Take note of the following parameters. For information about how to configure other parameters on the ECS instance buy page, see Create an instance on the Custom Launch tab.
Instance: Qwen-7B-Chat requires more than 16 GiB of GPU memory. To ensure the stability of the model, you must select at least the ecs.gn6i-c4g1.xlarge instance type.
Image: Select an Alibaba Cloud Linux 3.2104 LTS 64-bit image.
Public IP Address: To accelerate the model download process, select Assign Public IPv4 Address, set Bandwidth Billing Method to Pay-by-traffic, and then set Maximum Bandwidth to 100 Mbit/s.
Data Disk: Multiple model files for Qwen-7B-Chat need to be downloaded, and they occupy a large amount of storage space. To ensure that the model runs as expected, we recommend that you add a data disk of at least 100 GiB.

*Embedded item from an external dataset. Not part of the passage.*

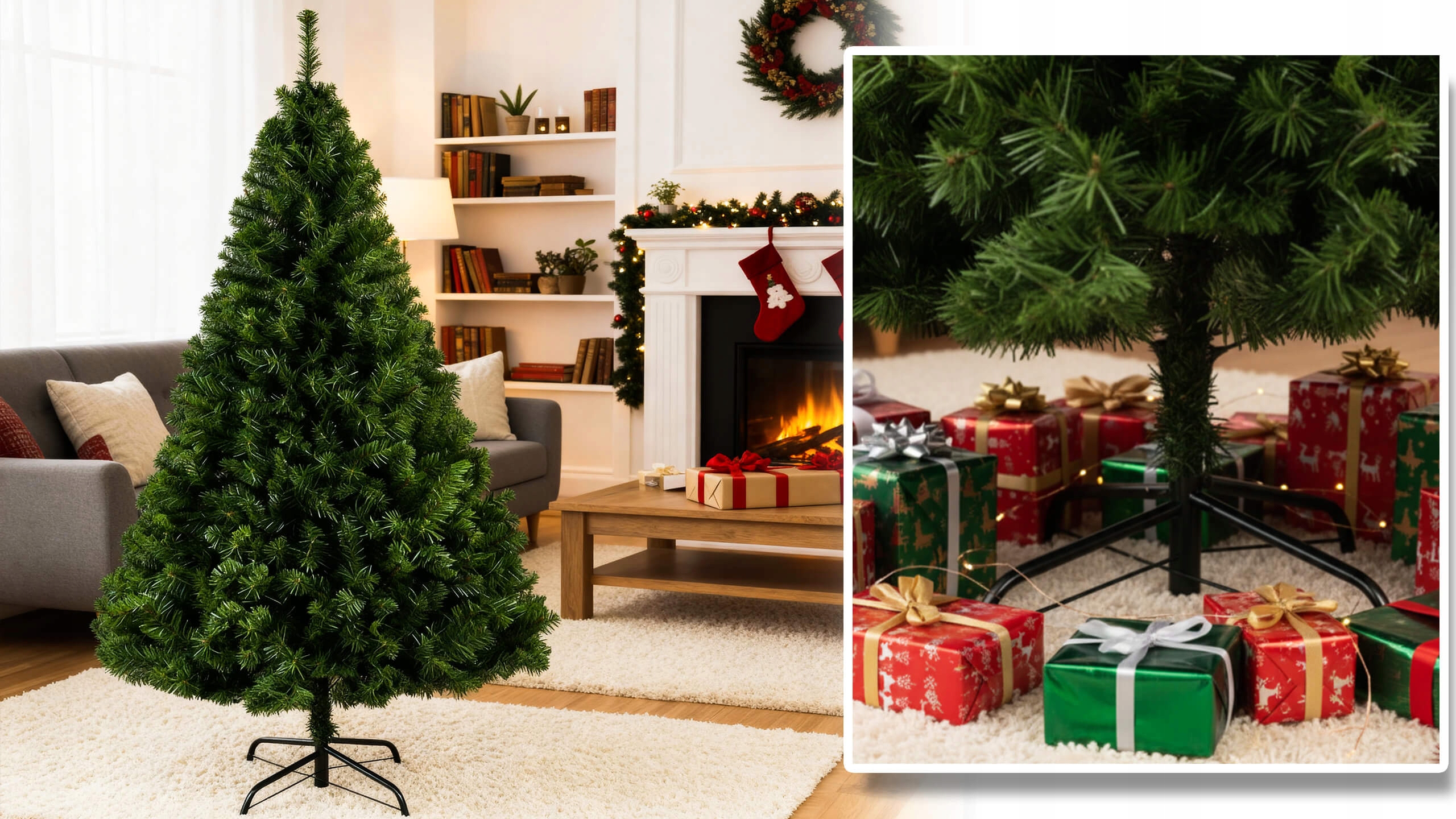 Рождественская елка создана так, чтобы максимально точно воспроизвести внешний вид натуральной елки. Густая хвоя, пышная зелень и правильно расположенные ветки делают ее очень аутентичной, и при этом она не требует никакого ухода.

Step 2: Create a Docker runtime environment
Install Docker.
For information about how to install Docker on an ECS instance that runs Alibaba Cloud Linux 3, see Install and use Docker on a Linux instance.
Run the following command to check that the Docker daemon is started:
sudo systemctl status docker
Run the following command to install the NVIDIA driver and Compute Unified Device Architecture (CUDA) component.
sudo dnf install -y anolis-epao-release sudo dnf install -y kernel-devel-$(uname -r) nvidia-driver{,-cuda}
Run the following command to install the NVIDIA Container Toolkit:
sudo dnf install -y nvidia-container-toolkit
Run the following command to restart the Docker daemon. When the NVIDIA Container Toolkit is installed, the Oracle Cloud Infrastructure (OCI) prestart hook is added. During the Docker daemon restart, the GPUs become accessible to the container by using the OCI prestart hook.
sudo systemctl restart docker
After the Docker daemon is restarted, the GPU pass-through capability is enabled for Docker. When you create a container, configure the
--gpus <gpu-request>
parameter to specify the GPUs to pass through.Run the following commands to create and run a PyTorch AI container.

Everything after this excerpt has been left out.